Process Optimization
Presenters Qiwei Li, production engineer, and Robert Wojewodka, both of Lubrizol Corp., and Terry Blevins, principal technologist at Emerson, won for “Application of On-line Data Analytics to a Continuous Process Polybutene Unit.” Continuous data analytics may be used to provide an on-line prediction of quality parameters, and enable on-line detection of fault conditions. The analytics software distinguishes parameters that may not typically be considered during normal quality monitoring analyses. In this workshop, they presented field trial results for 2013 at Lubrizol’s continuous polybutene process. Their presentation demonstrated the on-line continuous data analytics program, evaluated the success of model improvements, and summarized the implementation of the user end platform in the process unit.

Project Management and Engineering Tools
Presenter Jan de Rijke, engineering manager at Momentive Specialty Chemicals, won for “How Value Engineering can create $$$’s for your DCS Projects.” Rijke reported that DCS project managers often face problems after a FEED study shows investment estimates far exceed initial guesstimates, and so it’s impossible to get final approval because management doesn’t want to spend on it. Also, plants don’t want to reduce the scope of the project because they need the functionality, and suppliers have been squeezed and there is nothing to gain there anymore either. The only thing that a DCS project manager can do is to organize a value engineering workshop, and that’s what Momentive did.

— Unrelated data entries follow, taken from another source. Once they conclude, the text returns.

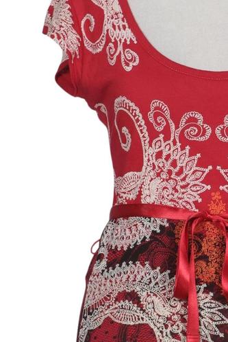 | Details | Jersey, Spitze, Kurzarm, Bindegürtel, Rundhals, Floral |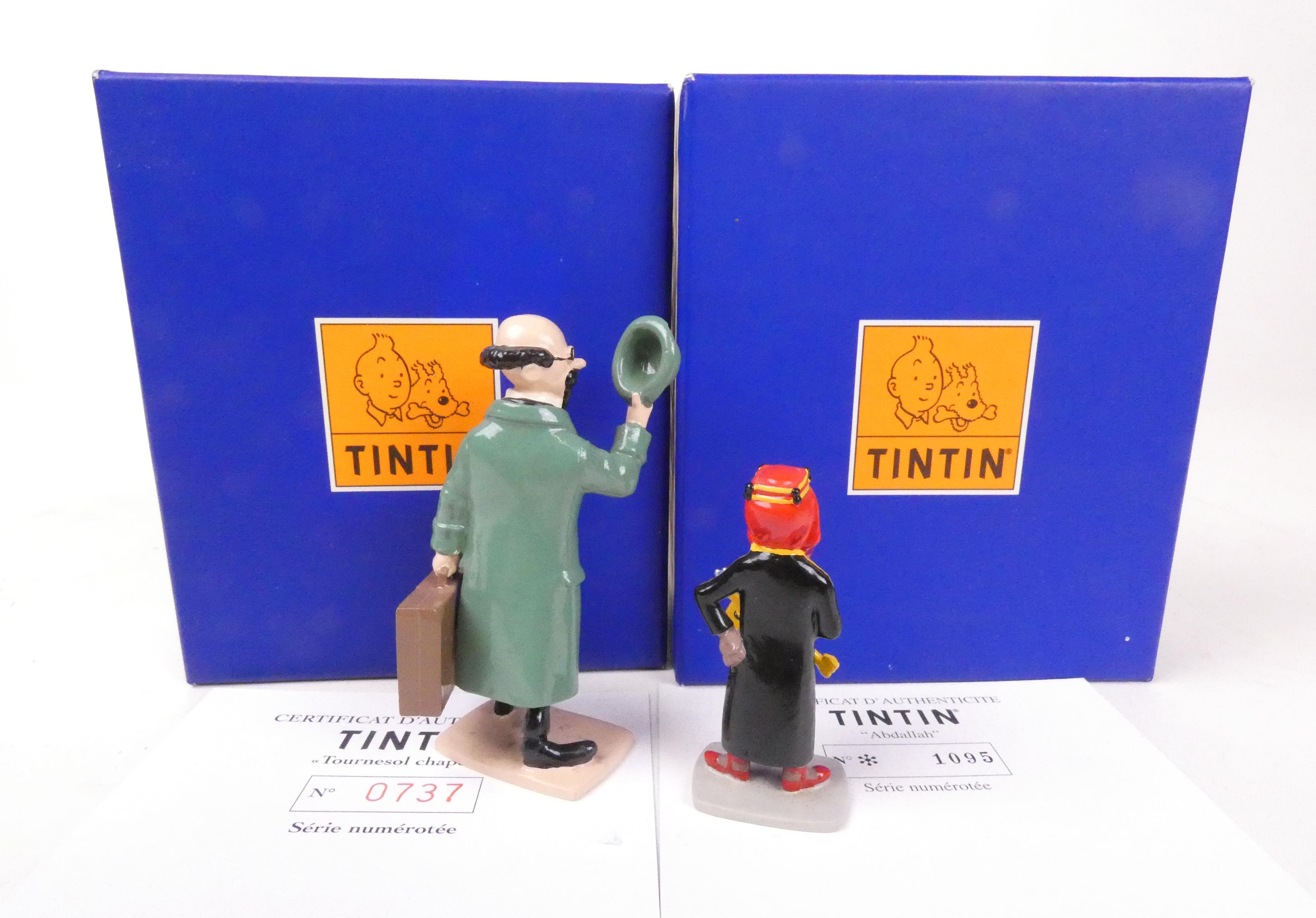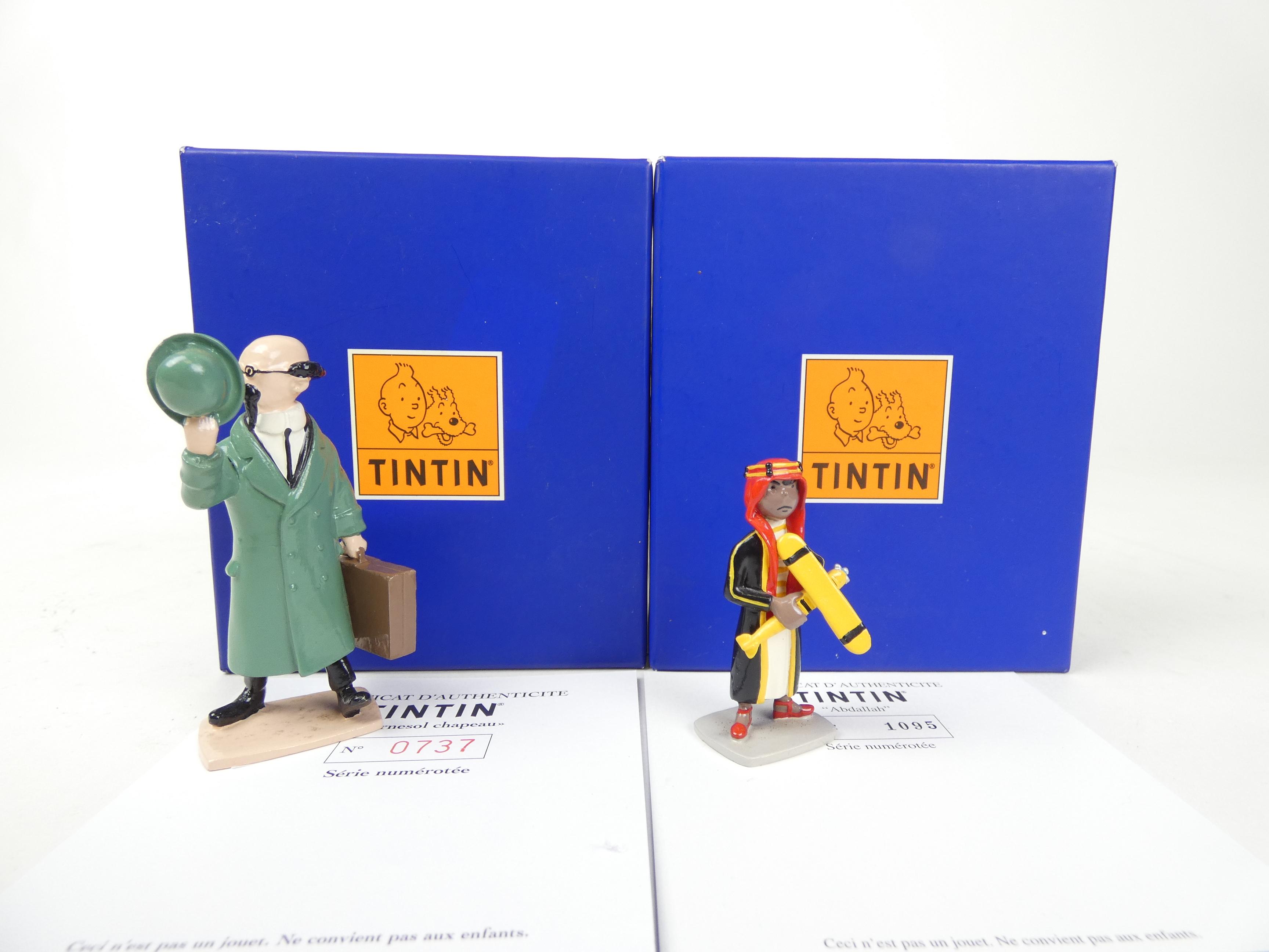 BD: HERGE, création Moulinsart (2pcs) en plomb : -Tournesol Chapeau- N° 737 + -Abdallah- N° 1095 collection Générique avec certificat et boite d'origine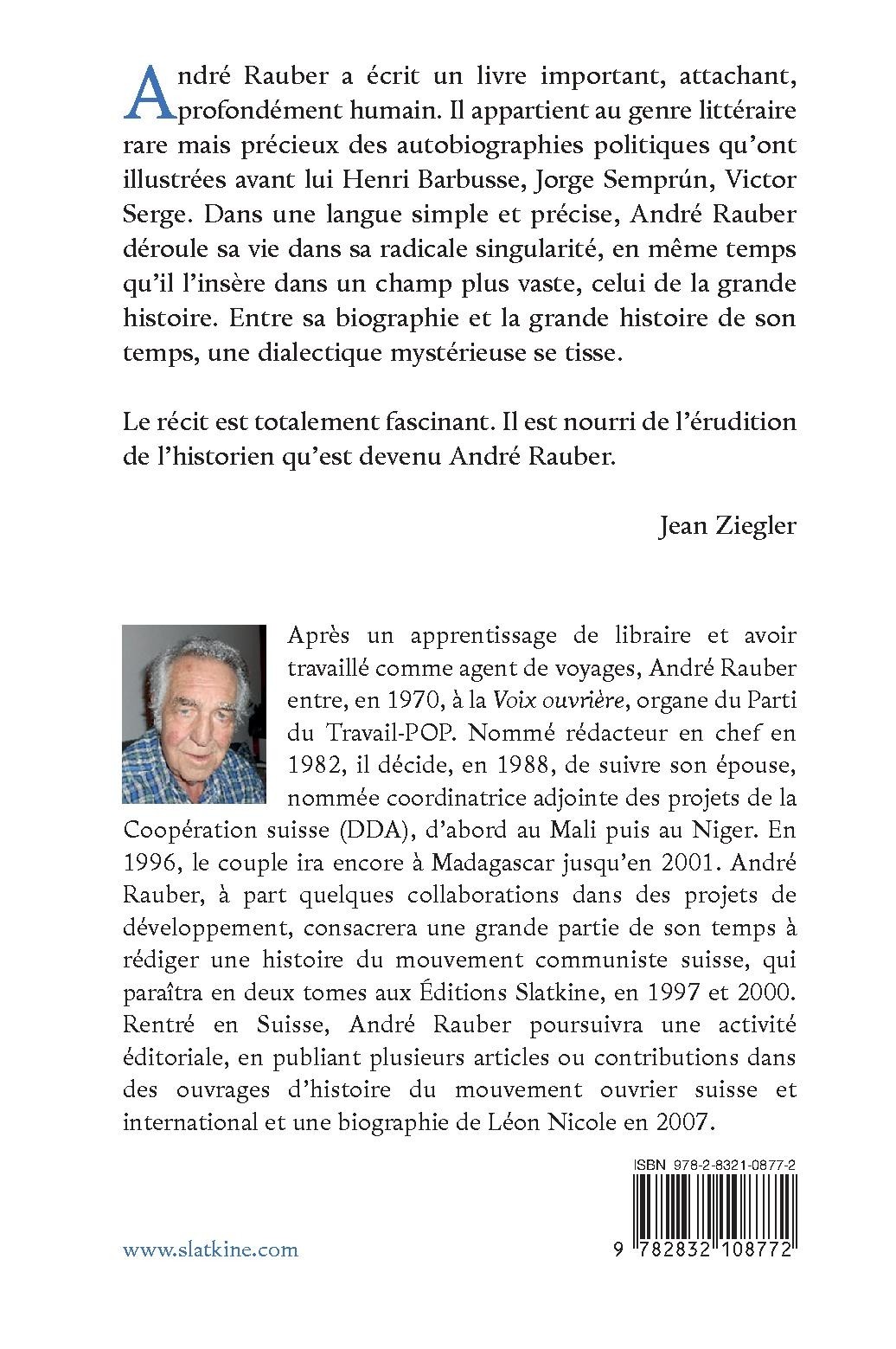 André Rauber a écrit un livre important, attachant, profondément humain. Il appartient au genre littéraire rare mais précieux des autobiographies politiques qu’ont illustrées avant lui Henri Barbusse, Jorge Semprún, Victor Serge. Dans une langue simple et précise, André Rauber déroule sa vie dans sa radicale singularité, en même temps qu’il l’insère dans un champ plus vaste, celui de la grande histoire. Entre sa biographie et la grande histoire de son temps, une dialectique mystérieuse se tisse.Le récit st totalement fascinant. Il est nourri de l’érudition de l’historien qu’est devenu André Rauber.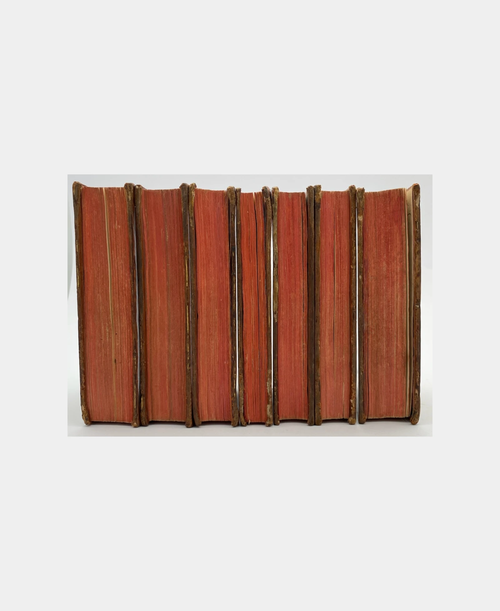 Etat: Légères usures aux coins et coiffes, reliures solides et homogènes. Petite fissure du mors supérieur du tome 3.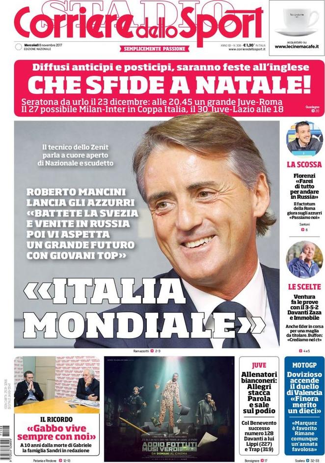 In prima pagina per il Corriere dello Sport l’intervista a Roberto Mancini, tecnico dello Zenit San Pietroburgo. Come ovvio, nella settimana dello spareggio con la Svezia, spazio alla Nazionale, ai dubbi tattici di Ventura e alle parole di Alessandro Florenzi. Occhio particolare anche per le feste natalizie, quest’anno segnate dal grande calcio. Infine, nel decimo anno dell’anniversario della morte di Gabriele Sandri, intervista alla famiglia dell’ultrà laziale.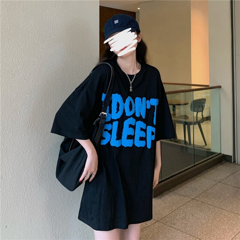 夏服プリントブラックTシャツレディースロングルーズ 夏物 コーデ marchs6712093962164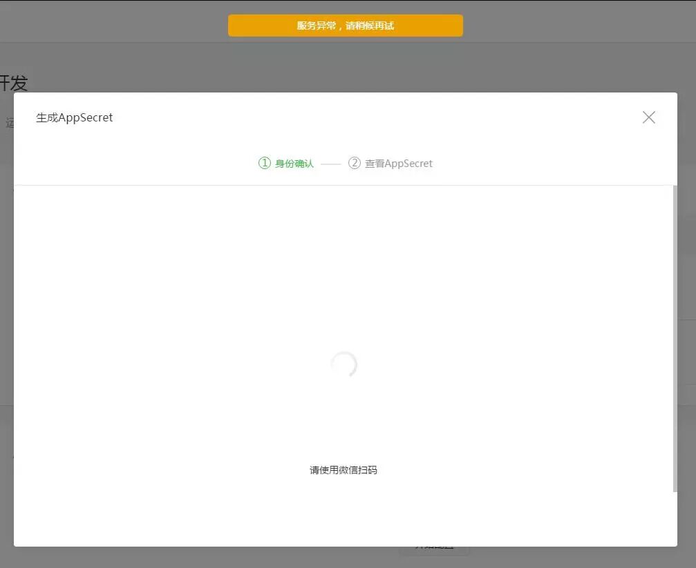 小程序生成AppSecret(小程序密钥)时,提示“服务异常,请稍后再试”,然后扫二维码,虽然提示成功,但是电脑端二维码没有改变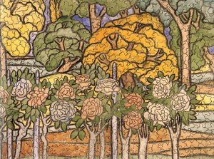 "A századforduló éveiben szecessziós textilképeket, plakátokat, könyvművészeti és tárgyformáló munkákat készített."3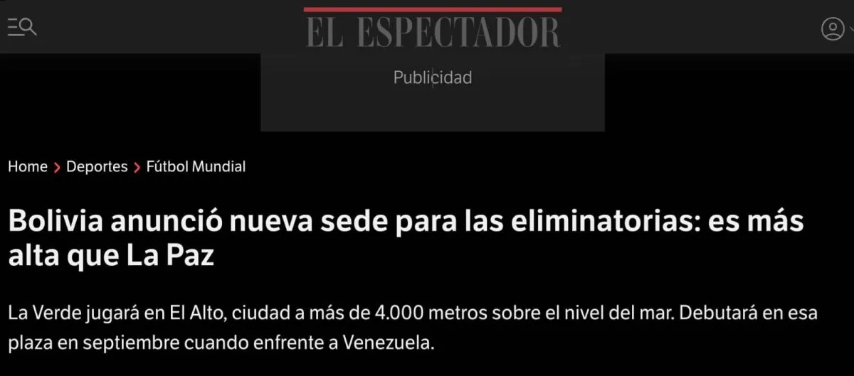 “Bolivia anunció nueva sede para las eliminatorias: es más alta que La Paz”, tituló.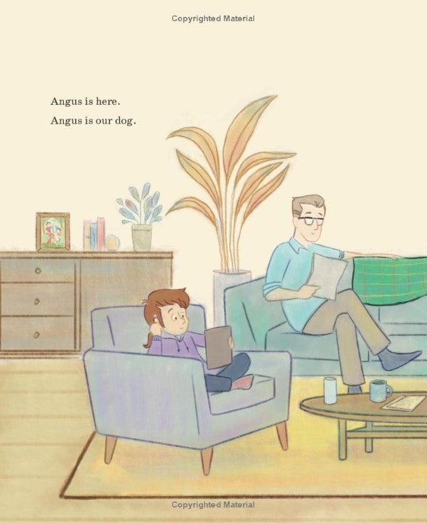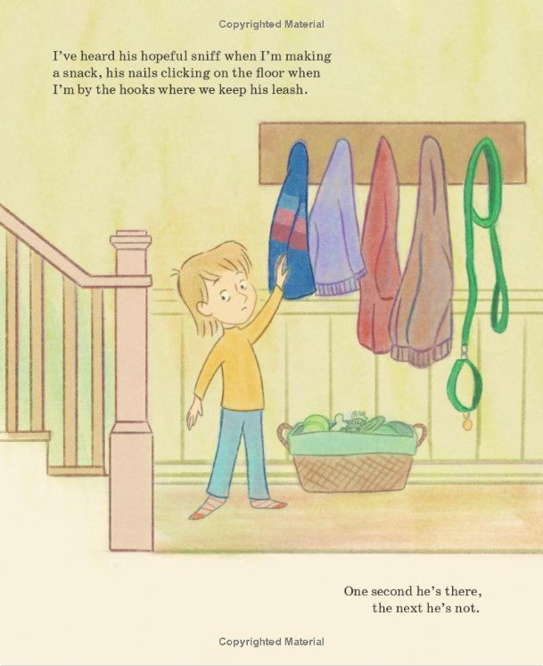 Angus may be gone, but memories of him are still here: his tail wagging under the dinner table, his nails clicking on the floor, and his hopeful sniff when snacks are being prepared. Angus's presence is felt everywhere, until one day... it's not. In this poignant and beautiful picture book, a child journeys through grief and learns how to keep memories of a beloved dog close.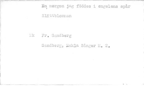 //// En morgon jag föddes i engelens spår Slä....1;tbloraraan //// dt :Jr. Sandberg //// Sundberg, Enkla Sånger H. //// • ////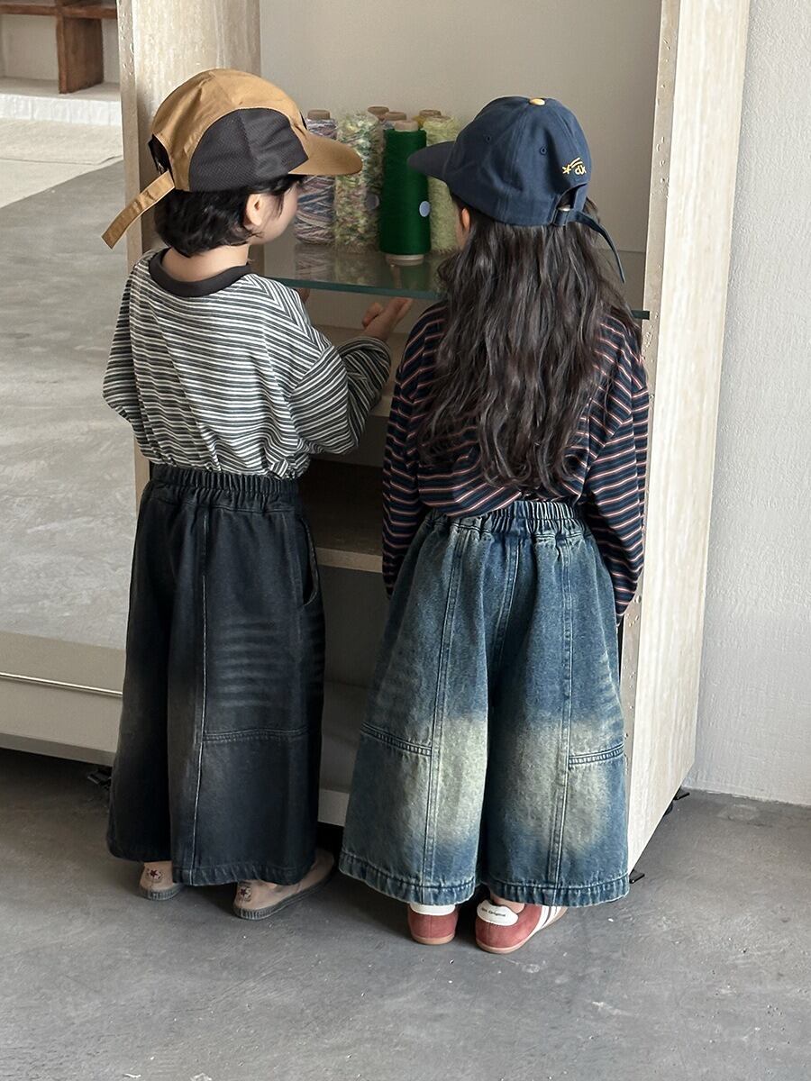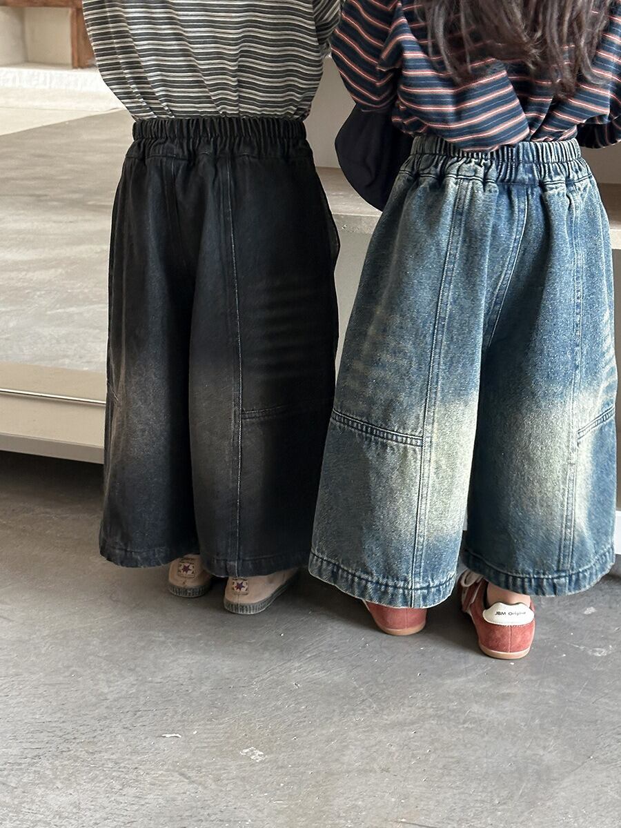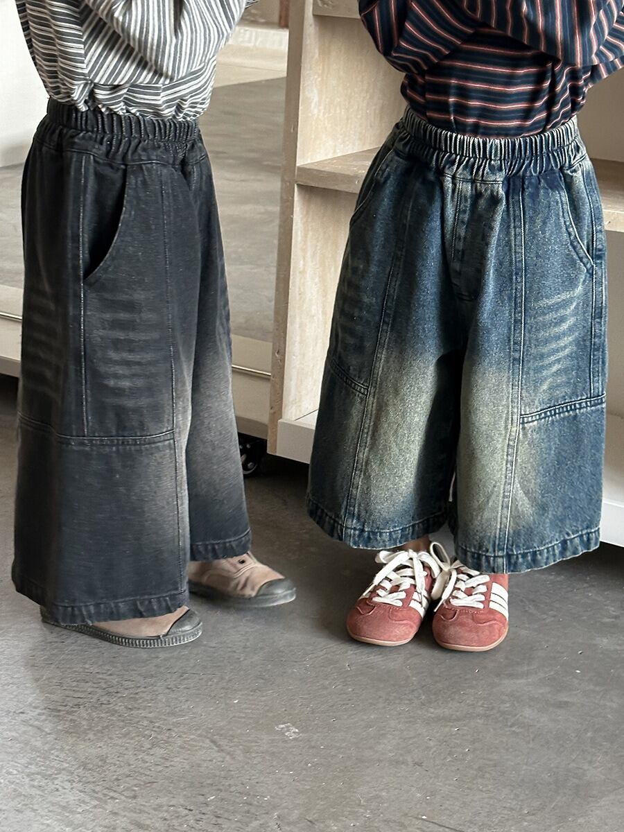 色落ちデニムオーバーワイドパンツ(ブルー/ブラック)JIAY 2026春|80-140cm|ボトムス|クロップド丈|ジーンズ[取寄]

Safety Instrumented Systems
Presenters Manish Badlani Process, automation Met-2 and MES owner at the Dow Chemical Co., and Dave Bartlett, solutions architect at Proconex, won for “A View to a SIL: Monitoring Global Safety Health at a Glance with DeltaV SIS and Syncade Message Broker.” Dow Coatings Materials has more than 24 DeltaV SIS systems installed globally. Bypassed interlocks, configuration changes and other overlooked problems could lead to a failure to trip when an unsafe condition exists. Conversely, improper configuration can lead to spurious trips that impede production. Using information from DeltaV’s Event Chronicle and Syncade’s Message Broker allowed Dow to extract data out of every plant worldwide, and see in one quick glance where safety related issues exist and improvements can be made.

Valve Applications
Presenters Parimala Desai of KBR and Keith Herbsleb of Puffer-Sweiven won for “Performance Optimization of Atmospheric Vent Silencer Systems in Process Plants.” This paper addresses KBR’s approach for optimizing atmospheric steam vent systems. The idea was to design the valve and silencer together, and consider how modifying one component affects the others. The focus was on optimizing acoustic performance, pressure drop and cost. This approach suggests that the vent system should be considered and designed as a package.

Wireless Applications
Presenters Steve Giddens of Ergon Refining Inc., Kirk Giles of John H. Carter, and Thierno Gueye of Emerson won for “Wireless Mobile Worker Performs Loop Checks During Turnaround.” Ergon Refining in Vicksburg, Miss., was looked at putting Panasonic Toughbooks in the hands of instrumentation technicians and operators to make them truly mobile. This allowed them to do loop checks for the turnaround.